While candidates may often criticize their opponents’ platforms, Parikh lauded the ideas of his opponents.

“We want to focus on the strengths of our opponents,” Parikh said. “All of (them) have certain strengths. They do bring positives to the table — their leaders have done good things in the past, and we feel that we will recognize these strengths.”

Before his decision to run for office, Parikh said he belonged to the University’s Model United Nations organization and founded his own business, Sumo Deal, a non-for-profit that offered discounts at Ann Arbor businesses.

Parikh also stressed his casual and open approach to governing if elected.

“You’re not going to see us in suits and ties,” Parikh said.

Defend Affirmative Action to choose candidate

Election director Peter Borock, a law student, said the Defend Affirmative Action Party will also run a candidate for president and vice president, though they have yet to formally declare their ticket.

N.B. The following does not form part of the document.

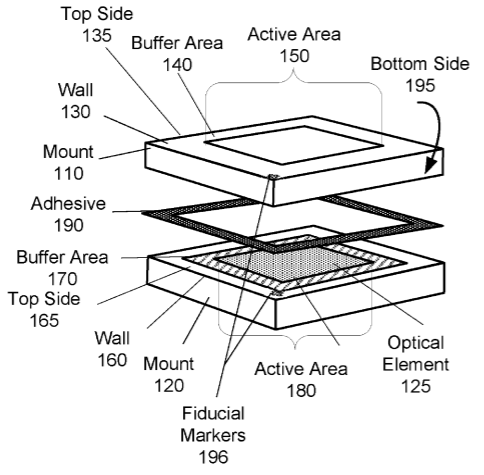 一种安装件包括光学元件可位于其中的有源区域。使用放置在安装件壁结构顶部的粘合剂将安装件粘合到相邻安装件上。通过使用凹槽结构和微壁结构防止粘合剂从安装件壁迁移到有源区域,凹槽结构和微壁结构位于安装件缓冲区域内,所述缓冲区域限定了有源区域。在一个实施例中,扩散器位于安装件的缓冲区中,以根据特定应用的需要重定向发射光。

Many members of DAAP could not attend the meeting because they were in Cincinnati yesterday to protest outside the 6th U.S. Circuit Court of Appeals as it re-opened the case determining whether the use of affirmative action in college admissions at public universities in Michigan is legal. DAAP candidates and others who missed yesterday's meeting will be meeting with Borock on Sunday.

When DAAP enters into the race, the total number of CSG presidential candidates will be raised to six.

Newly-formed party announces plans for candidacy

In addition to Parikh’s announcement yesterday, Dentistry student Andrew Horne, a representative of the CSG assembly, also made his presidential campaign public. He and running mate Daniel Ruff, also a Dentistry student, will be running as part of the newly formed political party, Students for Puppies.

Horne said he is still collaborating with his campaign team to form Students for Puppies’ platform.

“Our party is Students for Puppies, and I don’t know what we stand for,” Horne said. “We’re working on our position — we’re talking with our campaign manager and getting things sorted out.”

He added: “(Puppies are) a great animal. The University right now uses them as therapy dogs outside some exams. We might go that route and campaign for more puppies on campus, we might not. We’re still undecided.

Horne said he believes he and Ruff will win the upcoming election, emphasizing that his campaign is not a joke.

“Absolutely, it’s a serious campaign,” he said. “I would not be running for president of CSG if this was not a serious campaign.”

The decision to run was due in part to his long tenure spent in student government.

“It's a long time coming. I’ve been in CSG for three years now, and I’ve seen three different presidents and vice presidents,” Horne said. “I think it’s time to see some change.”